-- Opening Marker --

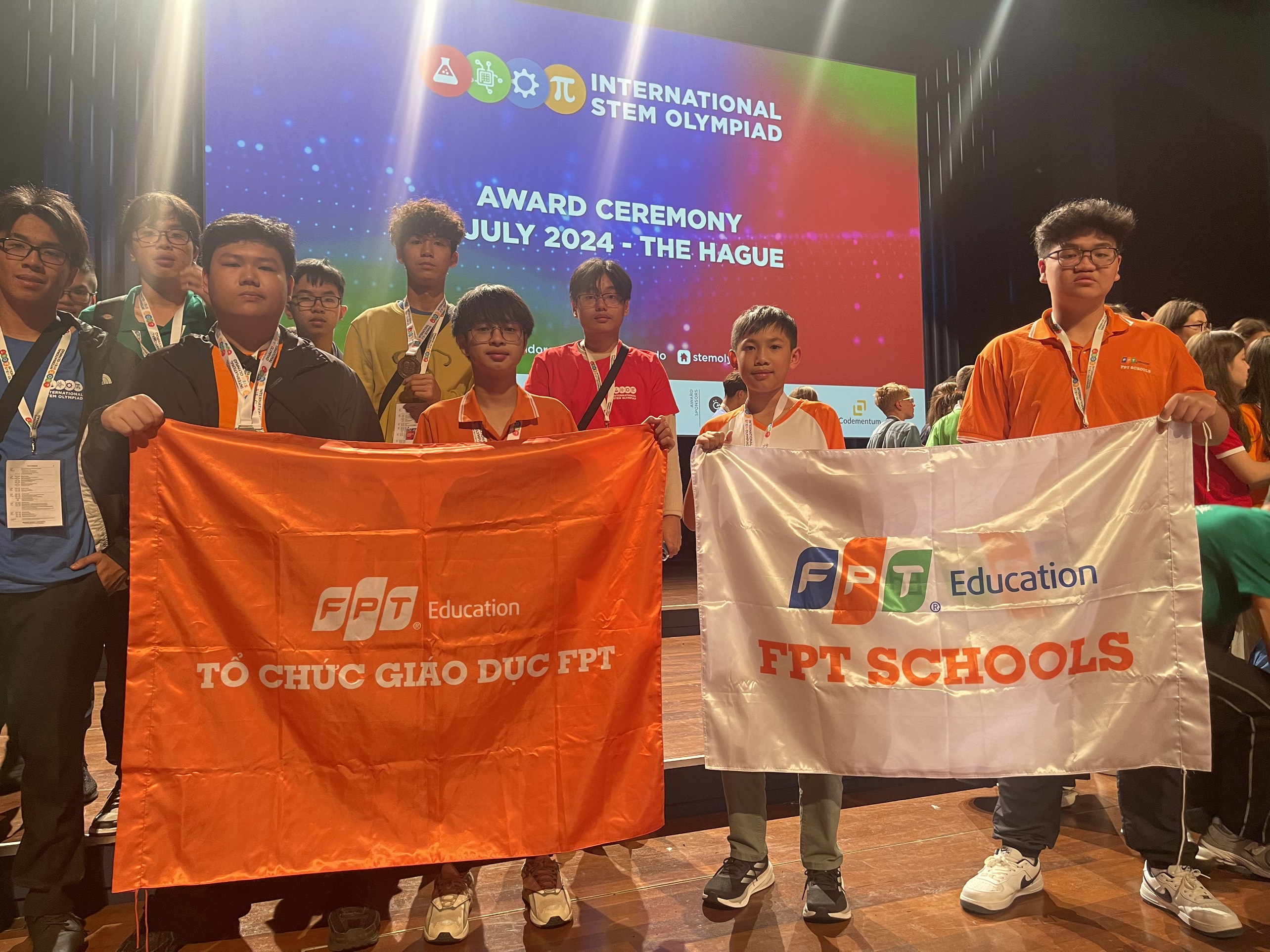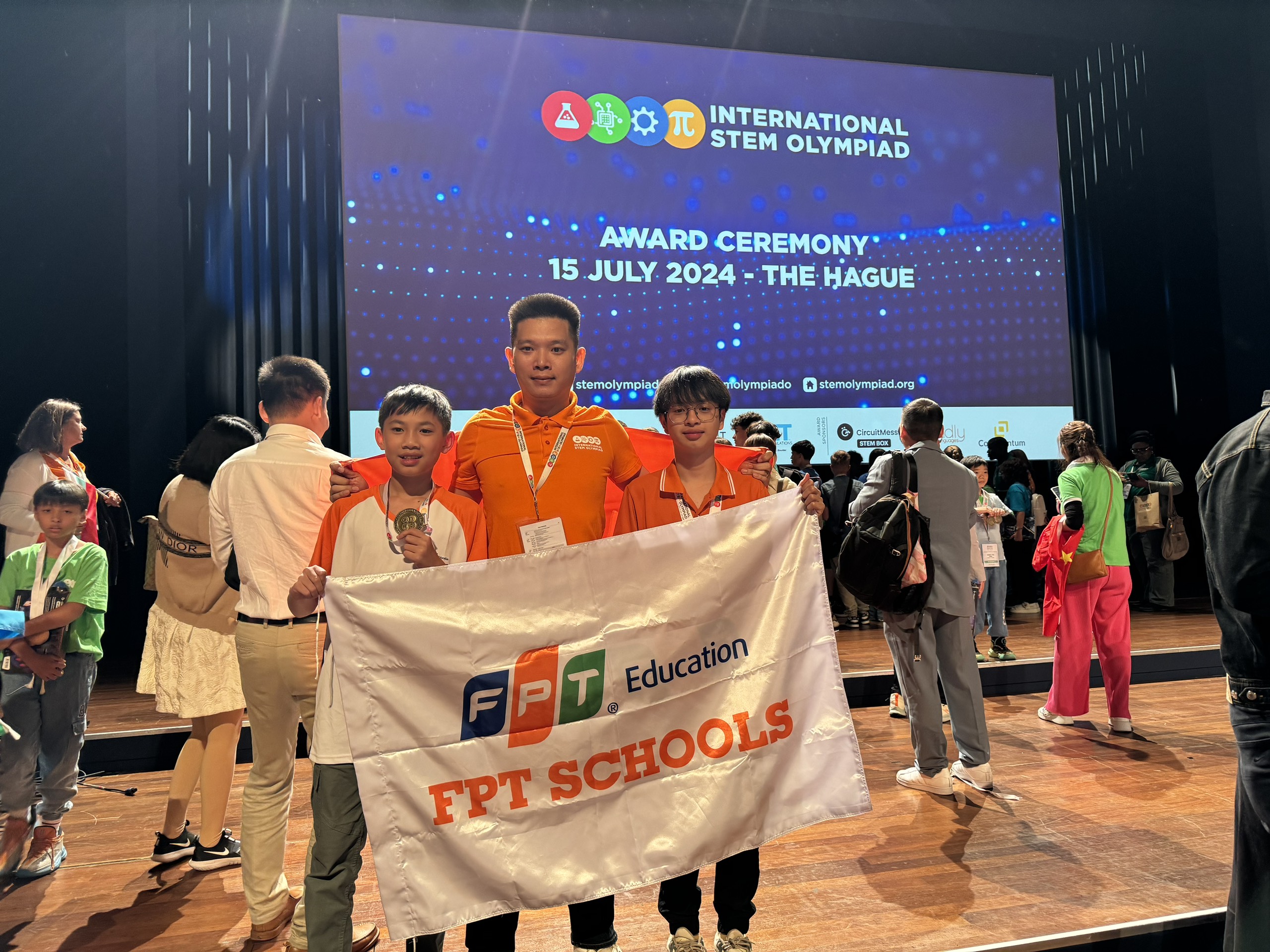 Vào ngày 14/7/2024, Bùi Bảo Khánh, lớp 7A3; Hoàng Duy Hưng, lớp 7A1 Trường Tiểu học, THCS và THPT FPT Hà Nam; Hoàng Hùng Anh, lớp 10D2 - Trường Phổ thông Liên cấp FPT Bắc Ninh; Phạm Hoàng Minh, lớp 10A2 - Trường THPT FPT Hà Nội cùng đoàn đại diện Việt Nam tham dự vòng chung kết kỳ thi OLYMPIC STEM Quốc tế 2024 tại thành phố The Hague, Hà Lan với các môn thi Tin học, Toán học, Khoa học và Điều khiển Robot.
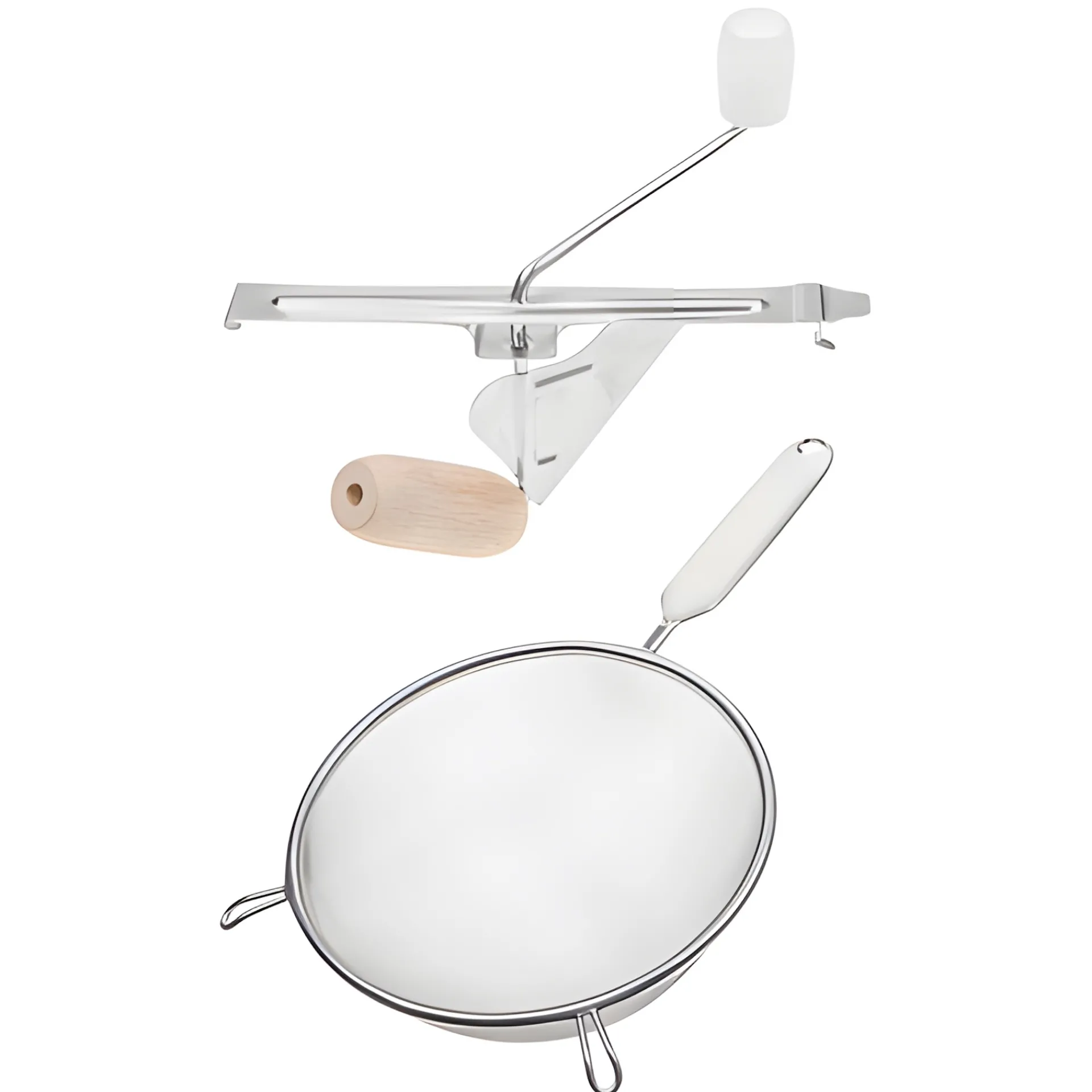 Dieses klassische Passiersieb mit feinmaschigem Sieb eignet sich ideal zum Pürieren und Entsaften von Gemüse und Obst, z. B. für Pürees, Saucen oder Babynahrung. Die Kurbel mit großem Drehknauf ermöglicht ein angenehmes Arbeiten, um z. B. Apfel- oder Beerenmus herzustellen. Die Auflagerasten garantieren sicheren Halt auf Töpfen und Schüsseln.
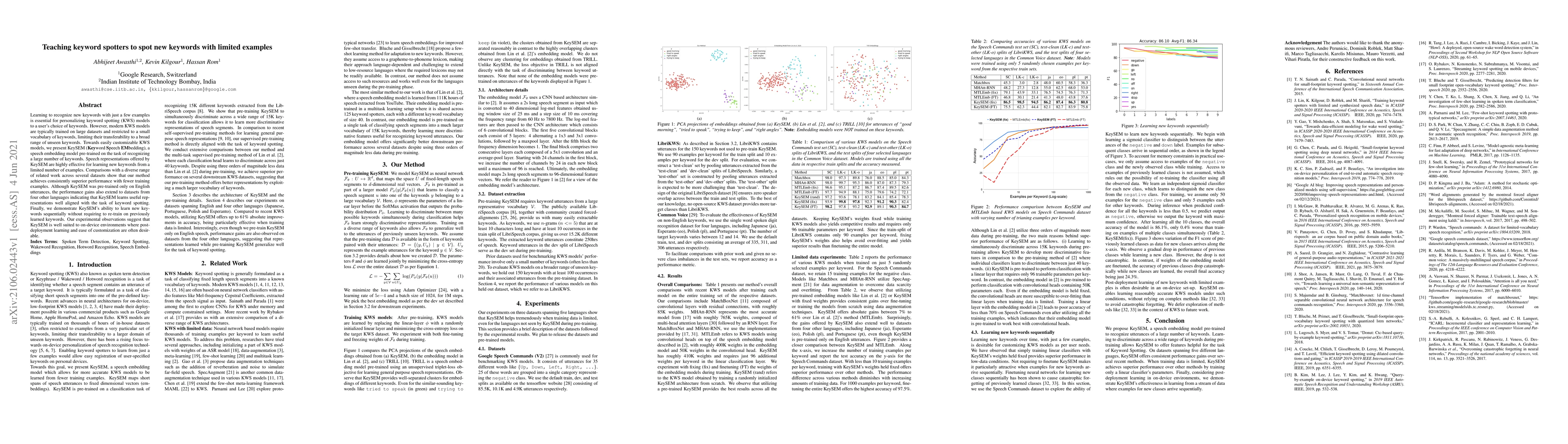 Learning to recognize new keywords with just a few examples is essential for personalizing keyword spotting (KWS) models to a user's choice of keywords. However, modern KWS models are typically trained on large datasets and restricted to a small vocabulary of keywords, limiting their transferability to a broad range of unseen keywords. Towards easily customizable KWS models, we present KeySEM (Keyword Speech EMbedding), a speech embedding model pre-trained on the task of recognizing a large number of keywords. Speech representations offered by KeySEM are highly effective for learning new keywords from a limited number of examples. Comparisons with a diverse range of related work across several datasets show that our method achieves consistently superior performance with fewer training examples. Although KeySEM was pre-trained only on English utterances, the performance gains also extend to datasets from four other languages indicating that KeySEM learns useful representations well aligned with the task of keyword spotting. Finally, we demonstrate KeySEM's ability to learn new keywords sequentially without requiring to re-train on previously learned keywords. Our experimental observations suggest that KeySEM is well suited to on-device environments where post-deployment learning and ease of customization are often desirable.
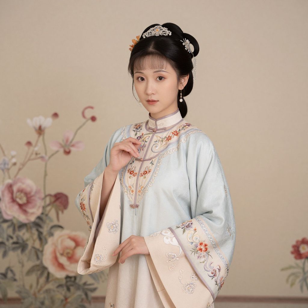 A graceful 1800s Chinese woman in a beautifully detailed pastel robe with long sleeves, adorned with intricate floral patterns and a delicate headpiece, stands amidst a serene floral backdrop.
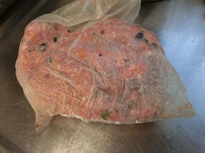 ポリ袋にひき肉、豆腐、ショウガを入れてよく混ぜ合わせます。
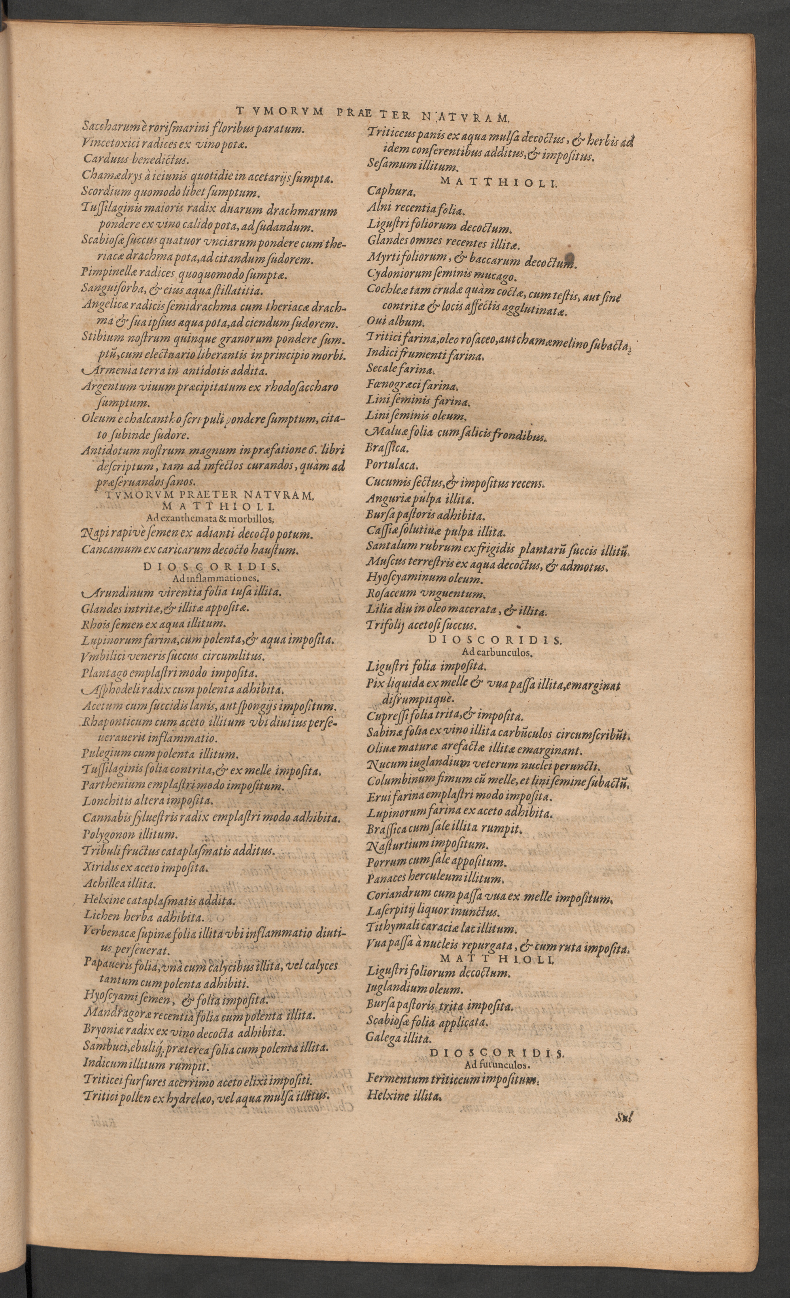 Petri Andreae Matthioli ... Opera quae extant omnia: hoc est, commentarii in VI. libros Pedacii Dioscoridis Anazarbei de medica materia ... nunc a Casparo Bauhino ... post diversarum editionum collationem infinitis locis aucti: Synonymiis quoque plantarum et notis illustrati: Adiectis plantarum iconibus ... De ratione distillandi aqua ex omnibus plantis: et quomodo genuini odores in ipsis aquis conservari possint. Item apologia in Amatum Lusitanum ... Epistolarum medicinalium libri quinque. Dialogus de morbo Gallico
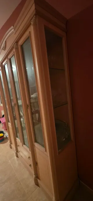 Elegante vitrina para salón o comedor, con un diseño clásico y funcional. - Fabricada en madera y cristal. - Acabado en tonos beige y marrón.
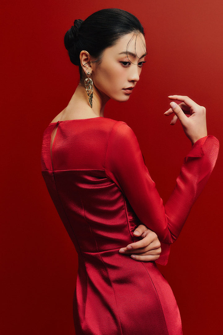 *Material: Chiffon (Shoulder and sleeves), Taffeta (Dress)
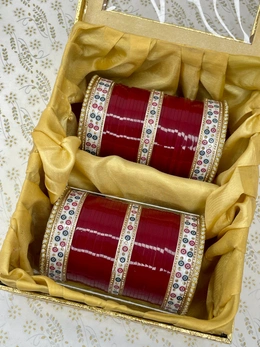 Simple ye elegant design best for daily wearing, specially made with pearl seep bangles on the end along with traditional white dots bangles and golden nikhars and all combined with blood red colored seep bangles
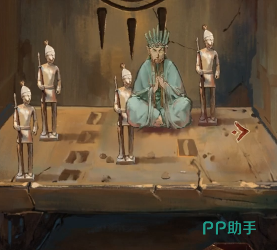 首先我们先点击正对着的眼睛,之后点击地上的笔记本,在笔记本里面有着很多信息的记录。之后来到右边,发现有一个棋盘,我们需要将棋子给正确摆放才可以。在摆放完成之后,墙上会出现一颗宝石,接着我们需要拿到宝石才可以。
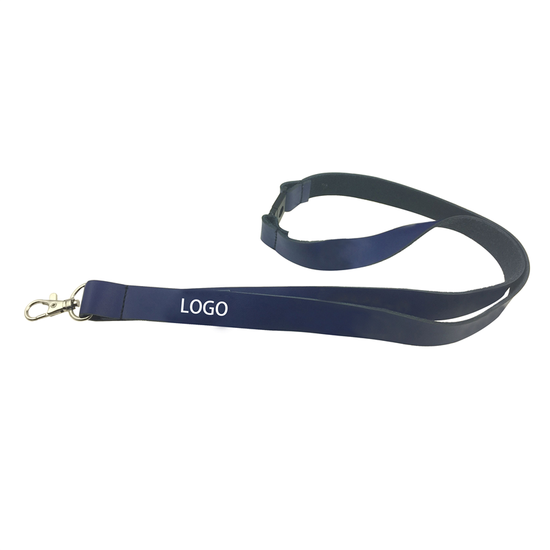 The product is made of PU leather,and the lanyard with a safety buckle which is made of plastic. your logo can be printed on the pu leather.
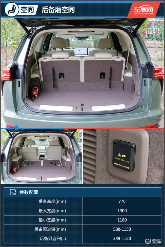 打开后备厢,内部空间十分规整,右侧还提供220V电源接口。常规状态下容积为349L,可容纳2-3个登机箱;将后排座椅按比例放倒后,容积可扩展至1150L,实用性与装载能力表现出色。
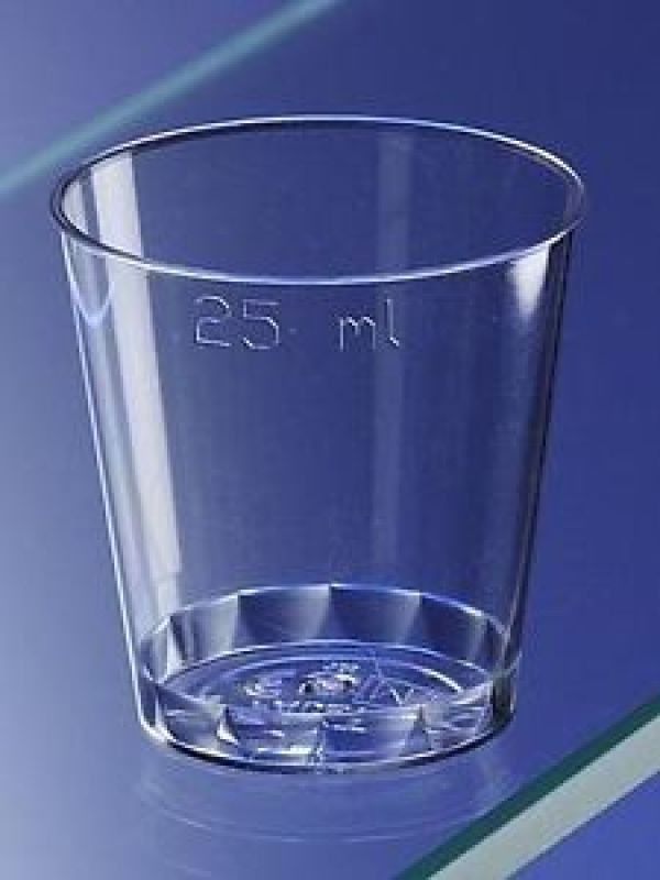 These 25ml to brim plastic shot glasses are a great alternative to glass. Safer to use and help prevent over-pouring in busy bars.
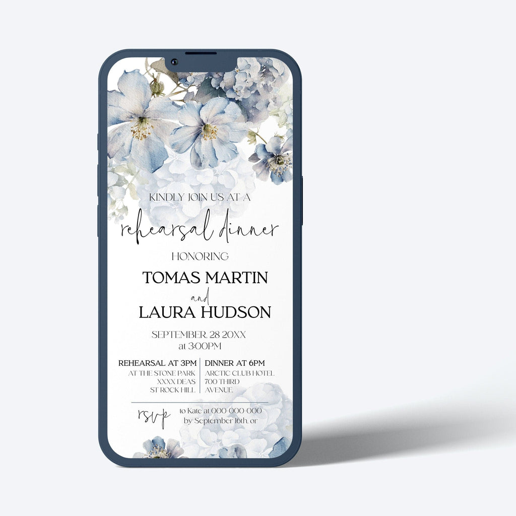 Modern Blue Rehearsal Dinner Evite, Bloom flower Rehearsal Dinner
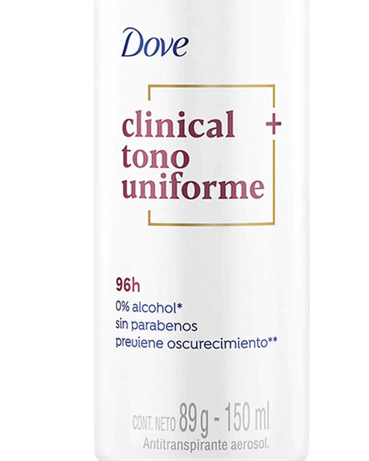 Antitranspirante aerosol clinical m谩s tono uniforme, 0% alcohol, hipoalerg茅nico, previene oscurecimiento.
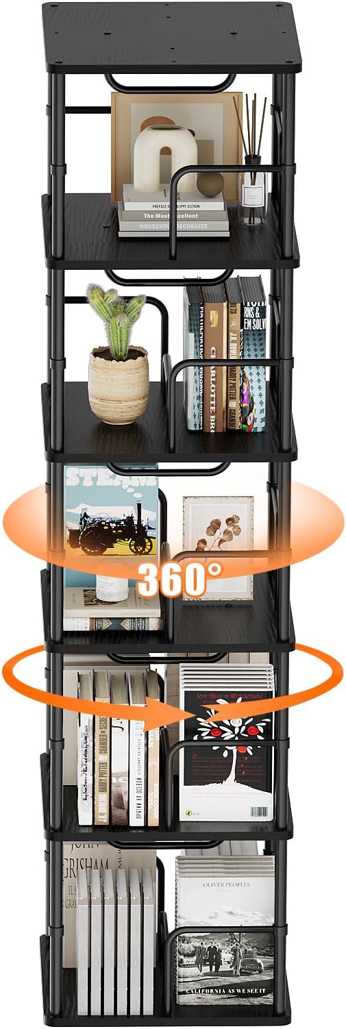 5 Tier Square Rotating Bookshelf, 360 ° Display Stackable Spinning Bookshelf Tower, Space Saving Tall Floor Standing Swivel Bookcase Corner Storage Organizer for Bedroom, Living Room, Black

-- Closing Marker --

**DIRECTIONS FOR THIS TASK:** Without the pictures, give every line of the data again, exactly as written.

**YOUR RESPONSE:**
 Vào ngày 14/7/2024, Bùi Bảo Khánh, lớp 7A3; Hoàng Duy Hưng, lớp 7A1 Trường Tiểu học, THCS và THPT FPT Hà Nam; Hoàng Hùng Anh, lớp 10D2 - Trường Phổ thông Liên cấp FPT Bắc Ninh; Phạm Hoàng Minh, lớp 10A2 - Trường THPT FPT Hà Nội cùng đoàn đại diện Việt Nam tham dự vòng chung kết kỳ thi OLYMPIC STEM Quốc tế 2024 tại thành phố The Hague, Hà Lan với các môn thi Tin học, Toán học, Khoa học và Điều khiển Robot.
 Dieses klassische Passiersieb mit feinmaschigem Sieb eignet sich ideal zum Pürieren und Entsaften von Gemüse und Obst, z. B. für Pürees, Saucen oder Babynahrung. Die Kurbel mit großem Drehknauf ermöglicht ein angenehmes Arbeiten, um z. B. Apfel- oder Beerenmus herzustellen. Die Auflagerasten garantieren sicheren Halt auf Töpfen und Schüsseln.
 Learning to recognize new keywords with just a few examples is essential for personalizing keyword spotting (KWS) models to a user's choice of keywords. However, modern KWS models are typically trained on large datasets and restricted to a small vocabulary of keywords, limiting their transferability to a broad range of unseen keywords. Towards easily customizable KWS models, we present KeySEM (Keyword Speech EMbedding), a speech embedding model pre-trained on the task of recognizing a large number of keywords. Speech representations offered by KeySEM are highly effective for learning new keywords from a limited number of examples. Comparisons with a diverse range of related work across several datasets show that our method achieves consistently superior performance with fewer training examples. Although KeySEM was pre-trained only on English utterances, the performance gains also extend to datasets from four other languages indicating that KeySEM learns useful representations well aligned with the task of keyword spotting. Finally, we demonstrate KeySEM's ability to learn new keywords sequentially without requiring to re-train on previously learned keywords. Our experimental observations suggest that KeySEM is well suited to on-device environments where post-deployment learning and ease of customization are often desirable.
 A graceful 1800s Chinese woman in a beautifully detailed pastel robe with long sleeves, adorned with intricate floral patterns and a delicate headpiece, stands amidst a serene floral backdrop.
 ポリ袋にひき肉、豆腐、ショウガを入れてよく混ぜ合わせます。
 Petri Andreae Matthioli ... Opera quae extant omnia: hoc est, commentarii in VI. libros Pedacii Dioscoridis Anazarbei de medica materia ... nunc a Casparo Bauhino ... post diversarum editionum collationem infinitis locis aucti: Synonymiis quoque plantarum et notis illustrati: Adiectis plantarum iconibus ... De ratione distillandi aqua ex omnibus plantis: et quomodo genuini odores in ipsis aquis conservari possint. Item apologia in Amatum Lusitanum ... Epistolarum medicinalium libri quinque. Dialogus de morbo Gallico
 Elegante vitrina para salón o comedor, con un diseño clásico y funcional. - Fabricada en madera y cristal. - Acabado en tonos beige y marrón.
 *Material: Chiffon (Shoulder and sleeves), Taffeta (Dress)
 Simple ye elegant design best for daily wearing, specially made with pearl seep bangles on the end along with traditional white dots bangles and golden nikhars and all combined with blood red colored seep bangles
 首先我们先点击正对着的眼睛,之后点击地上的笔记本,在笔记本里面有着很多信息的记录。之后来到右边,发现有一个棋盘,我们需要将棋子给正确摆放才可以。在摆放完成之后,墙上会出现一颗宝石,接着我们需要拿到宝石才可以。
 The product is made of PU leather,and the lanyard with a safety buckle which is made of plastic. your logo can be printed on the pu leather.
 打开后备厢,内部空间十分规整,右侧还提供220V电源接口。常规状态下容积为349L,可容纳2-3个登机箱;将后排座椅按比例放倒后,容积可扩展至1150L,实用性与装载能力表现出色。
 These 25ml to brim plastic shot glasses are a great alternative to glass. Safer to use and help prevent over-pouring in busy bars.
 Modern Blue Rehearsal Dinner Evite, Bloom flower Rehearsal Dinner
 Antitranspirante aerosol clinical m谩s tono uniforme, 0% alcohol, hipoalerg茅nico, previene oscurecimiento.
 5 Tier Square Rotating Bookshelf, 360 ° Display Stackable Spinning Bookshelf Tower, Space Saving Tall Floor Standing Swivel Bookcase Corner Storage Organizer for Bedroom, Living Room, Black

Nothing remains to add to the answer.